Re: "an LLM bot can write new code"
If you had hand-written the code and fed it to a modern compiler then an assembly language expert might well describe the result as "I wouldn't have written it excactly like that [but] the code does work". In fact, all computer languages are just a way of writing down *requirements* in a computer-readable form and if your source code does not express your requirements properly, you should not be surprised that the resulting program doesn't do the right thing.
Natural languages, with all their ambiguities, are a truly terrible way to specify requirements and so the first job for most software development projects is to "translate" the plain English requirements of the customer into something at least a *little* bit more rigorous. (<snark>I think this used to be called "analysis", back in the day when people bothered to do it.</snark>)
There have been many attempts over the years to persuade a machine to generate code in response to some "prompt" or other. I think it is helpful to divide them into two groups.

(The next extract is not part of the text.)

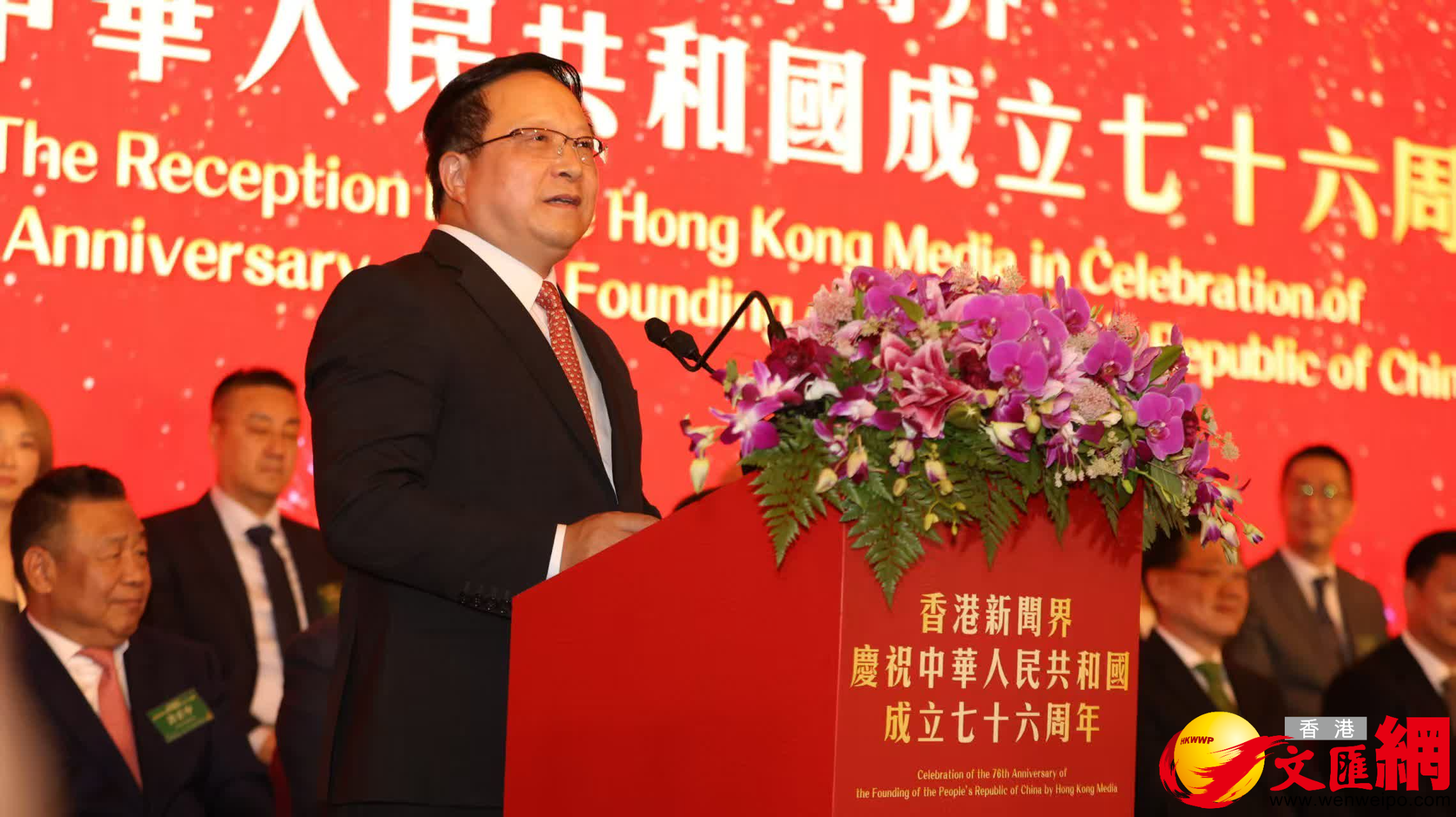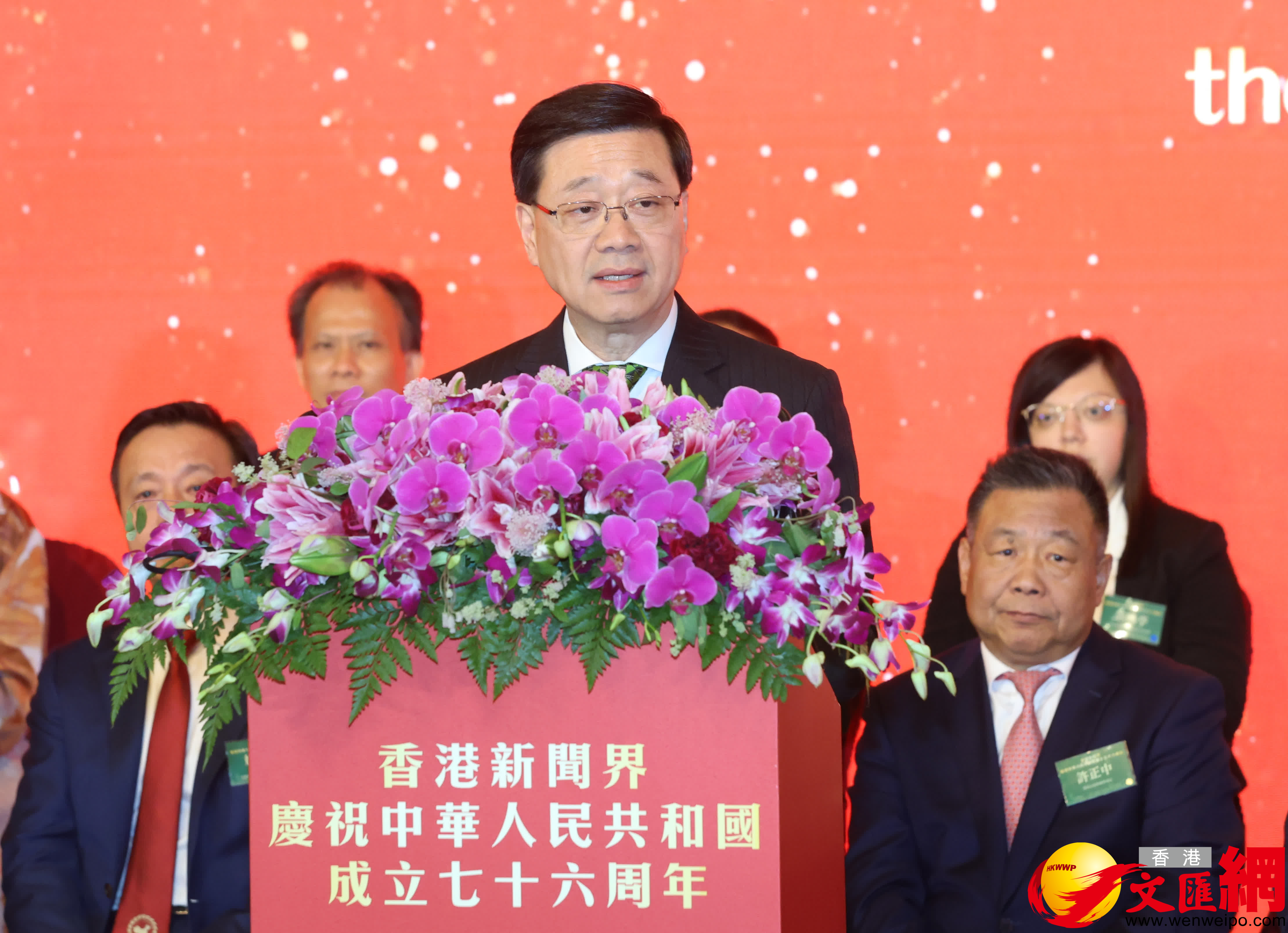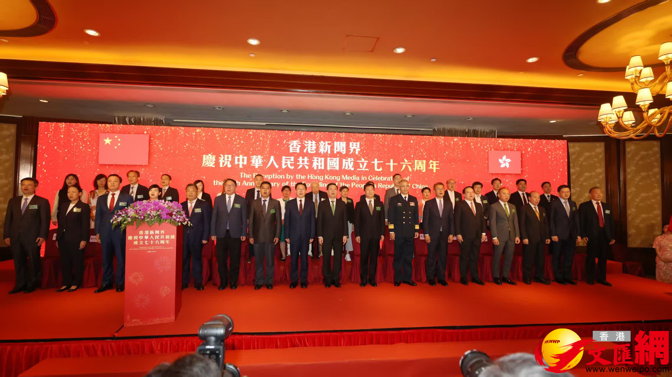 (香港文匯報記者 嚴鍇華)香港新聞界慶祝中華人民共和國成立76周年活動今日(9日)隆重舉行。香港特區行政長官李家超,中央政府駐港聯絡辦主任周霽,外交部駐港副特派員花有,中央駐港維護國安公署副署長陳楓,解放軍駐港部隊副司令員譚志偉,以及特區政府政務司司長陳國基,財政司司長陳茂波,紫荊文化集團董事長許正中,香港新聞界國慶籌委會主任委員、香港新聞工作者聯會主席、香港大公文匯傳媒集團董事長李大宏等出席主禮。近500位社會各界賢達與新聞界同仁齊聚一堂,共同祝願祖國繁榮昌盛,香港社會持續穩定發展。

The first group is "compilers" and these work quite well. In this model, the "prompt" is in a language with carefully delineated semantics and a careful reader of the prompt can make a reasoned guess whether the resulting output (object code) will actually do what is intended. A key point (though not usually emphasised because it is so stunningly obvious) is that human beings are not supposed to need to read the output.
There is a second group of code generators, exemplified by various CASE tools over the decades. These have never gained widespread use. In this model, the "prompt" is less well delineated and the human reader is expected to read (and subsequently maintain!) the output. Using LLMs to generate code would fall into this second group and in my opinion are likely to suffer the same problems (and the same long-term fate) as all other CASE tools.
Domain Specific Languages belong in the first group and have a proven track record. They are a bit harder to produce than simply chatting to WhateverGPT, but the pay-off is correspondingly greater. An LLM's ability to digest the loose language than humans insist on using *might* be a useful component of a DSL design tool. That seems, to me, to be an idea worth exploring. However, if you want reliable software, I still think that the end product of such a design tool has to be a DSL (a prompt language) that has all its semantics nailed down so that you can reason about your code and (ideally) prove aspects of its correctness.